European markets opened stronger, taking their cue from a moderate rally in Asia, brought on by positive comments from President Trump’s economic advisor Larry Kudlow ahead of the meeting between the US and Chinese presidents this weekend.
Metal prices are on the mend from their decline Tuesday and are helping mining companies climb up the leader board of FTSE gainers. Banks and insurers are also notching higher.
Trade indigestion
Kudlow did not come out with any specific promise or undertakings; instead he said that there was a possibility of a breakthrough in trade talks between China and the US. However, this was enough for the market to interpret this as a sign that after a protracted dispute the US was getting ready to strike a deal on trade with China. The comments came a day after Trump repeated threats about increasing import tariffs on Chinese good in a scare tactic seen previously in his trade negotiations with Mexico and Canada. Trump and China’s president are due to sit down for dinner in Buenos Aires on Saturday evening, until then the market is likely to suffer indigestion from being pulled in different directions every day. In China the Shanghai Composite traded up 0.7% and the smaller-cap Shenzhen Composite was 0.5% higher.
BoE to publish Brexit scenario assessments
The pound is tentatively higher against the euro but still struggling against the dollar as traders await some clarification over Brexit from the Bank of England and the government later today.

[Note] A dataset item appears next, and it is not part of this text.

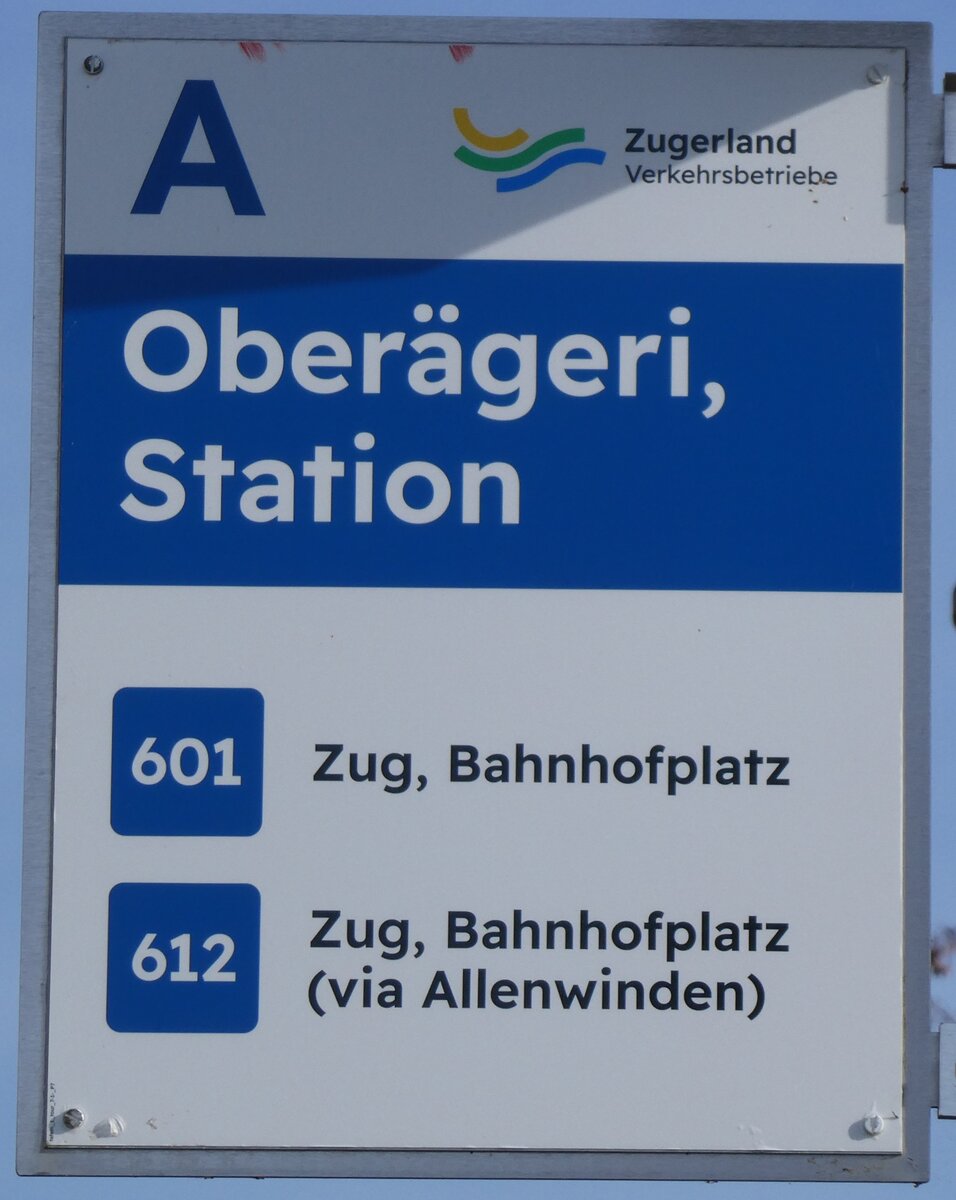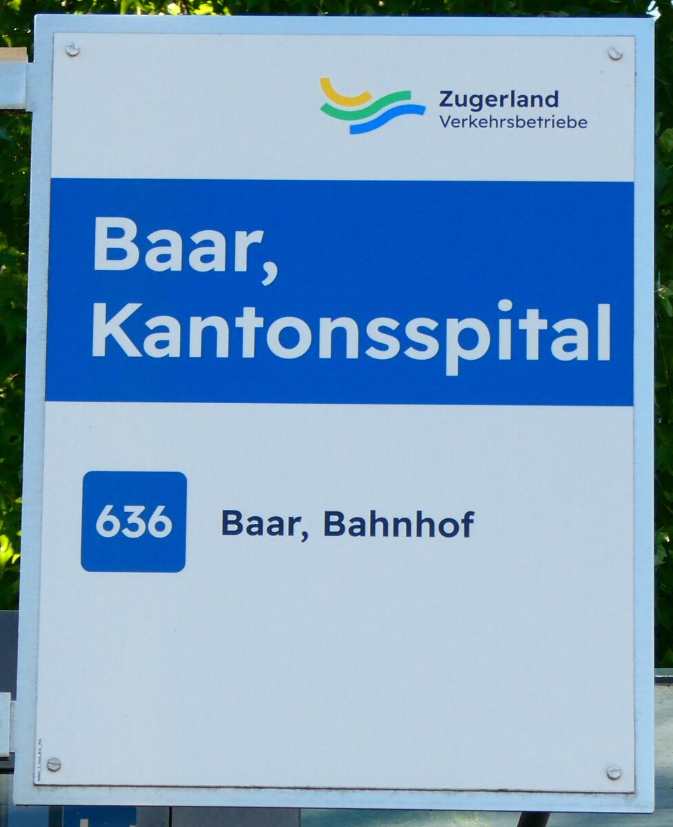 (253'364) - Zugerland Verkehrsbetriebe-Haltestellenschild - Baar, Bahnhof - am 3. August 2023

The BoE will publish its regular Financial Stability Report and the results of its 2018 banks’ stress test at 4.30 but in addition to that will also lay out its assessment of what the different Brexit scenarios will do for interest rates and the banking sector. A no-deal Brexit will in no way guarantee a decline in interest rates as the UK economy is slowing down and inflation is on the rise, according to previous comments made by BoE’s governor Mark Carney. But any more clarification on possible scenarios will be welcomed by the market and help make an assessment on how currencies and bonds will fare over the coming months.